2. The continuous passage of HEK293 cells under suspension growth shortens the doubling time of HEK293 from the initial 48 hours to about 26 hours, while the maximum cell density may be up to 1×107 cells/mL.
The specific steps are as follows.
A. 125 ml shake-flask culture
A 125 ml shake-flask culture method is as follows: 20 ml of HEK293 cell fluid with a density of 1*E6 cells/mL under suspension growth is transferred to a 125 ml cell culture shake flask, added with a WAYNE293 medium such that the cell fluid expands to 30 ml, then shaken evenly and sampled, and cultured in a shaker under the conditions as shown in Table 3; the cells are sampled and counted every day; the cell density and viability data are recorded; and cell passage is performed at the passage density of 5E5 cells/mL when the cell density reaches 1-2E6 cells/mL and the viability rate is greater than 90%.

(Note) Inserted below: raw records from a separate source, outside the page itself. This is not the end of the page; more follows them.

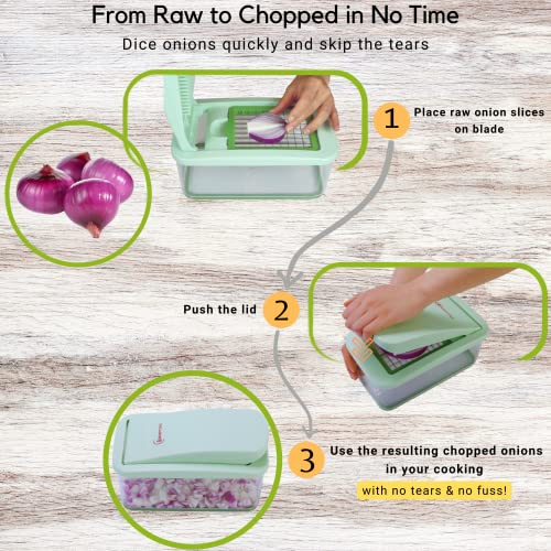 - DOUBLE CONTAINER CAPACITY, DOUBLE THE CONVENIENCE: Don't let a small container slow your chopping down. We increased the size of our container by 200% compared to other choppers on the market, allowing you to chop 200% more, all in one go. Use it as an onion dicer (without tears), or as a general food dicer to prep a wide variety of veggies & fruits e.g. mushroom, tomato, cucumber, zucchini, bell pepper, radish, potato, kiwi, apple, melon, banana, pear, strawberry etc. in half the usual time.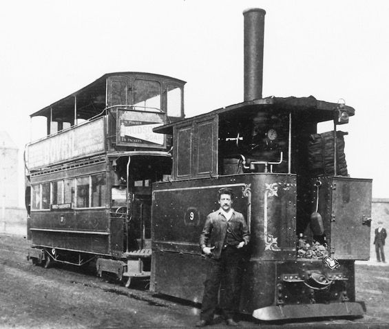 SSTCo No 9 (a Beyer Peacock engine) stands at Dudley Station with Trailer No 17 on a Dudley to Handsworth service — photo undated, but probably taken in the mid-to-late 1890s. Photo courtesy of D G Harvey, with thanks to Trevor Preece.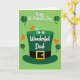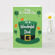This greeting card features a large leprechaun top hat in deep emerald green filling the lower two-thirds of the scene, with a black band and a gold buckle that looks lightly lit. Across the hat, the words “To a Wonderful Dad” appear in soft white lettering with a gentle shadow, as if nestled into the curve of the brim. Behind it all sits a bright chartreuse background that keeps the St. Patrick’s Day theme front and center ☘️. Darker green four-leaf clovers are placed around the design in a balanced way, giving the layout a steady, cared-for look. Three orange hearts add a warm, close-to-home touch, like a quiet hug tucked into the holiday decor 💚. Near the top, “Happy St. Patrick’s Day” is written in matching white lettering, with small shamrocks set to either side to frame the greeting. The hat’s buckle sits centered and rectangular, with crisp edges and a golden shine against the black band.

B. 500 ml shake-flask culture
Key equipment: shaker, biological safety cabinet
A 500 ml shake-flask culture method is as follows: 30 mL of cell fluid in a 125 ml shake-flask is transferred to a 500 ml cell culture shake flask, added with a WAYNE293 medium such that the cell fluid expands to 120 ml, then shaken evenly and sampled, and cultured in a shaker under the conditions shown in Table 4. The cells are sampled and counted every day; the cell density and viability data are recorded; and cell passage is performed at the passage density of 5E5 cells/mL when the cell density reaches 1-2E6 cells/mL.
C. Shake-flask culture
Key equipment: shaker, biological safety cabinet
The culture method is as follows: 120 mL of cell fluid in the 500 ml shake-flask is transferred to a 1 L cell culture shake-flask, added with a WAYNE293 medium such that the cell fluid expands to 400 ml, then shaken evenly and sampled, and cultured in a shaker under the conditions shown in Table 5; the cells are sample and counted every day; the cell density and viability data are recorded; and cell passage is performed at the passage density of 5E5 cells/mL when the cell density reaches 1-2E6 cells/mL.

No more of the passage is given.